The Netherlands: Administrative Decree on artists and VAT

On 13 June 2007 the Netherlands tax authorities issued an updated Decree on artists and their VAT position. According to the Decree artists that operate independently (?zelfstandig?) are for VAT purposes to be considered as entrepreneur. In certain cases wage tax will be withheld on payments to independent artists and the tax authorities approve that artists which are covered by the wage tax rules for artists (as defined in Art. 5a of the Wage Tax Act) stay out of the VAT. However, a condition is that they do not deduct input VAT, and also do not charge VAT for any performance in the Netherlands.

Some specific situations are the following:
– private performances: a performance which is agreed with an individual for his or her own purposes is excluded for wage tax purposes. If the artist charges no VAT where the performance is covered by the wage tax act, the artists should also in the case of private performances not charge VAT.
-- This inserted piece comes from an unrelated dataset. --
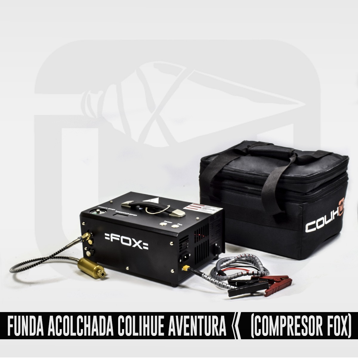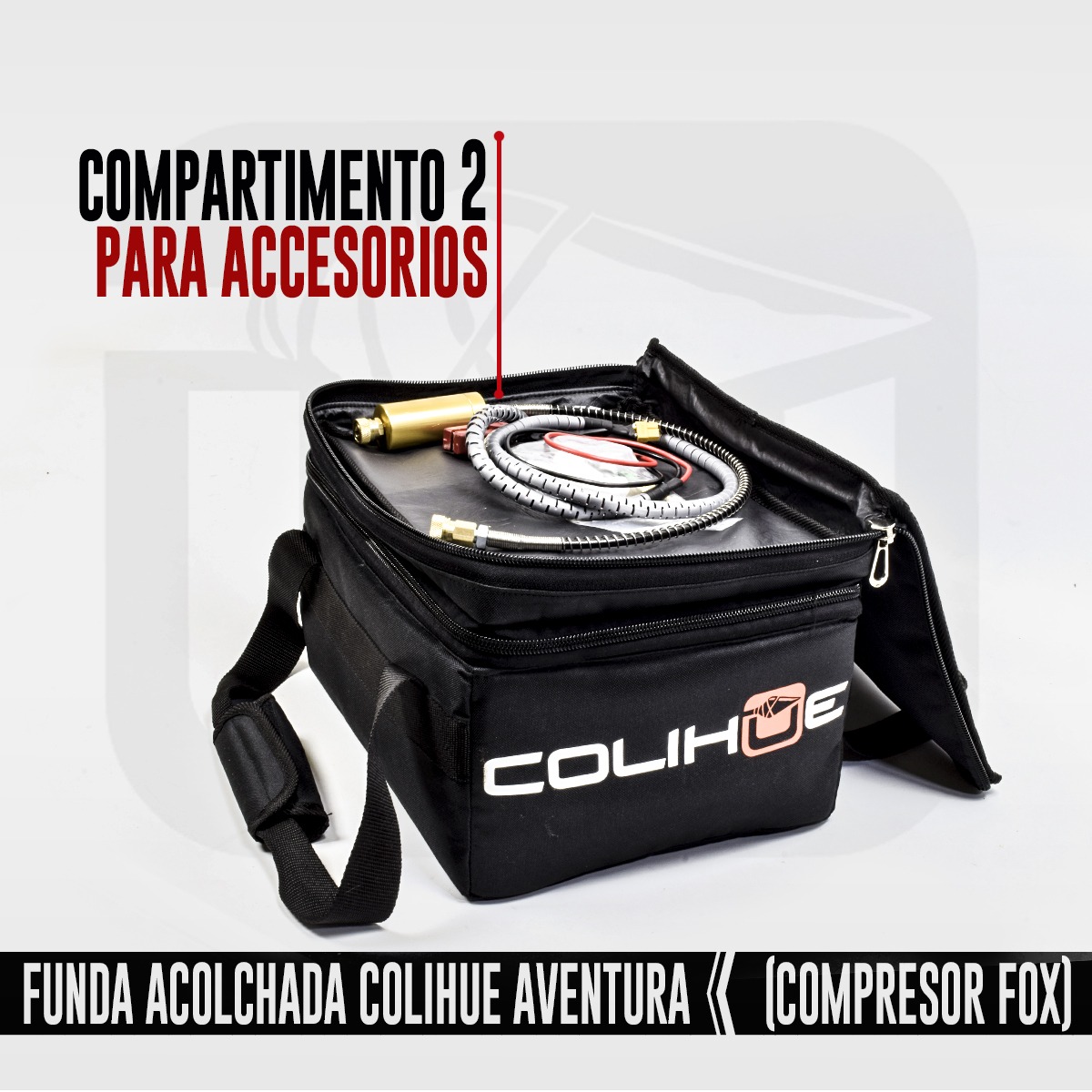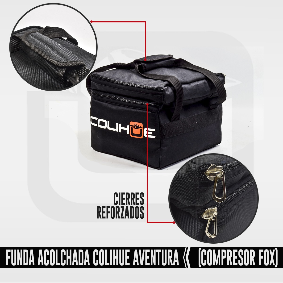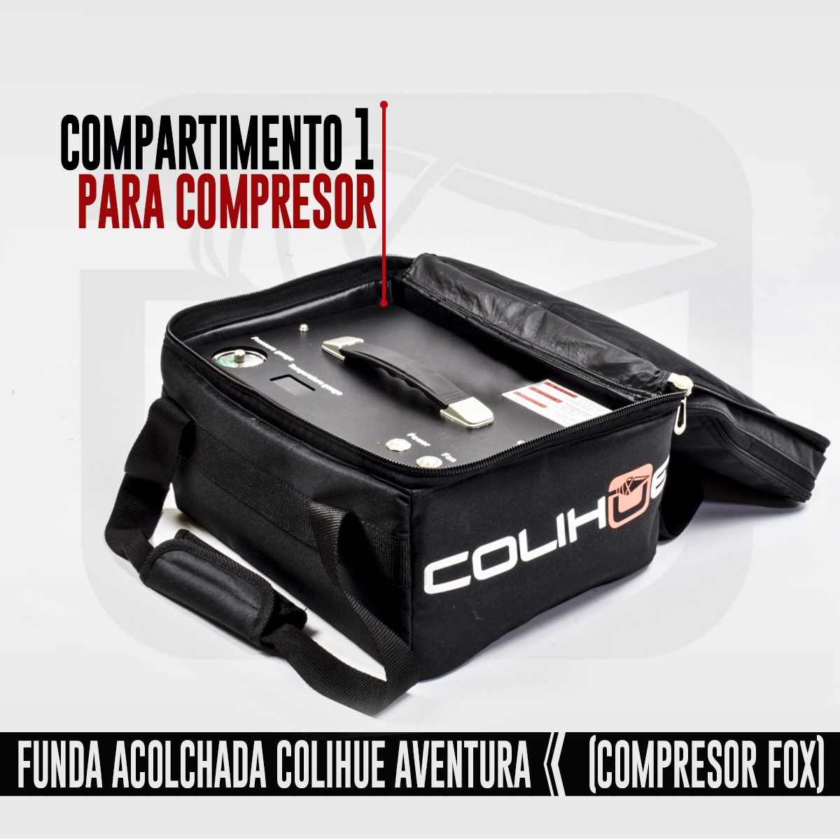 Fabricada en cordura en su exterior y cuero ecológico en su interior… fabricada a medida del compresor fox, modelo de 12 y 220 volts… con un primer compartimento donde colocaremos el compresor… y un segundo compartimento donde iran colocada la manguera, los cables de conexion, acoples, etc.!!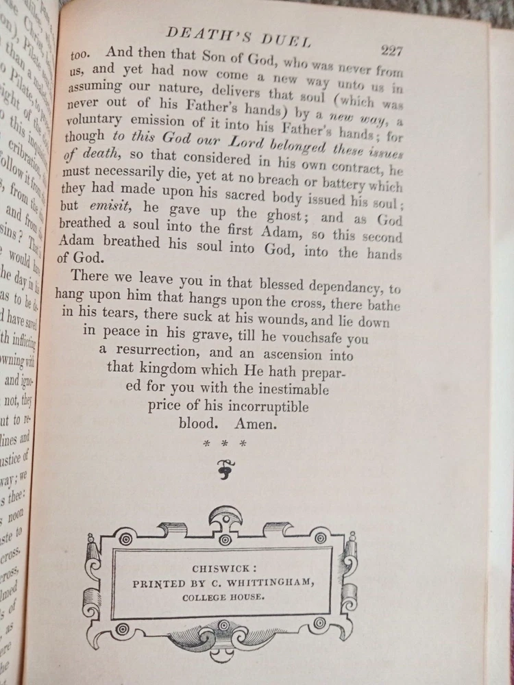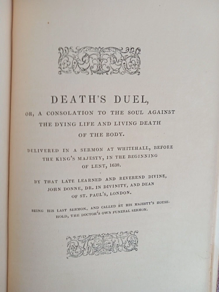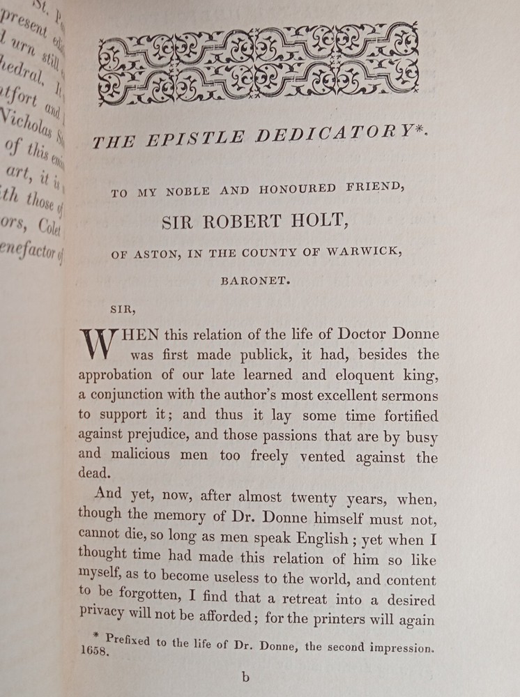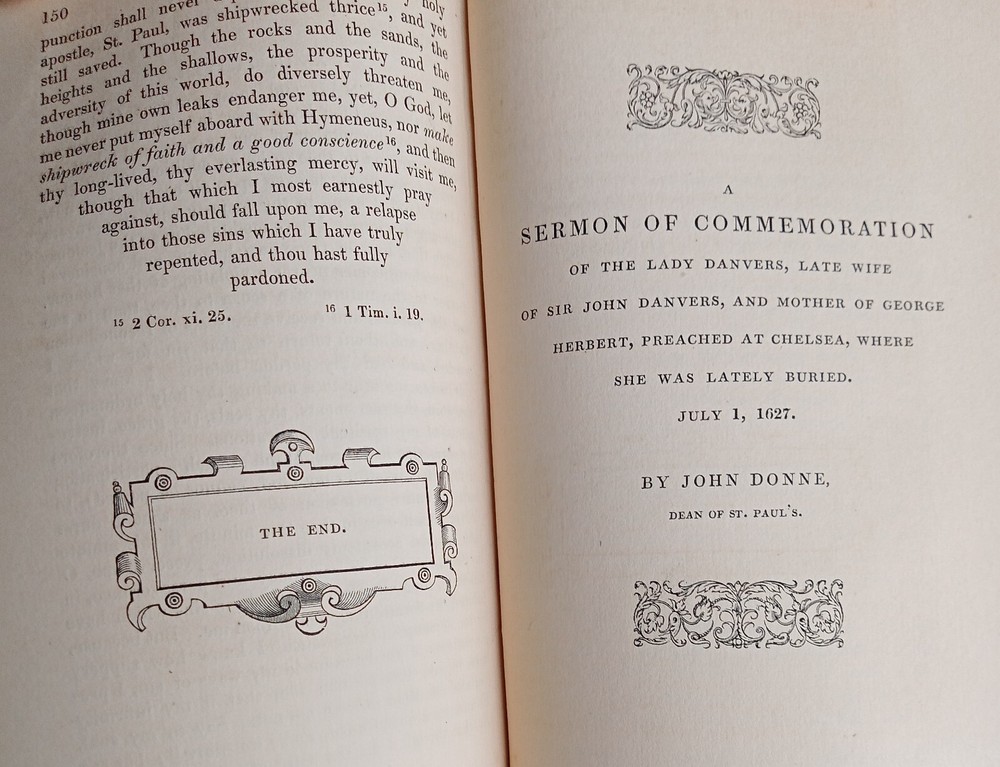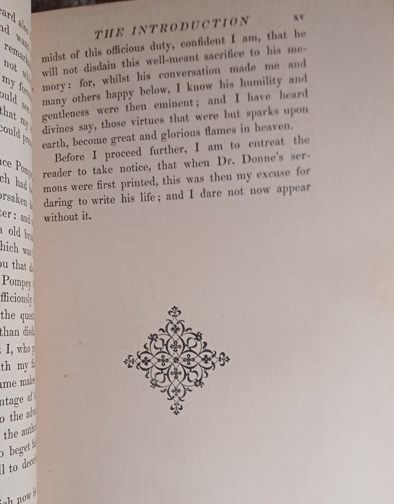 Original 1840 printing of the famed John Donne's (1576-1631) autobiography. The cleric who lived and preached during the English reformation. Introduction by Izaak Walton. Two Sermons titled: -On The Decease of Lady Danvers Mother of Lord Herbert -Deaths Duel -- His Own Funeral Sermon Beautiful ilustrations. Two loose first pages.

– Entrepreneur for income tax purposes: if the artists has obtained a declaration which for income tax purposes clarifies that the artist is either entrepreneur for income tax purposes or has obtained a declaration that he is acting as director of his own private company (BV), then the artist should charge VAT on all his actions.
– Foreign artists are since 2007 no longer subject to Netherlands wage tax. They can therefore not apply for an exemption to the obligation of charging Netherlands VAT (if they are entrepreneurs in their home country).
– Orchestras and pop groups who operate in a more less stable composition and participate in society must charge VAT on their fees. If each member of the group is considered as an artist in the sense of the Wage Tax Act, an exception for charging VAT may be applicable.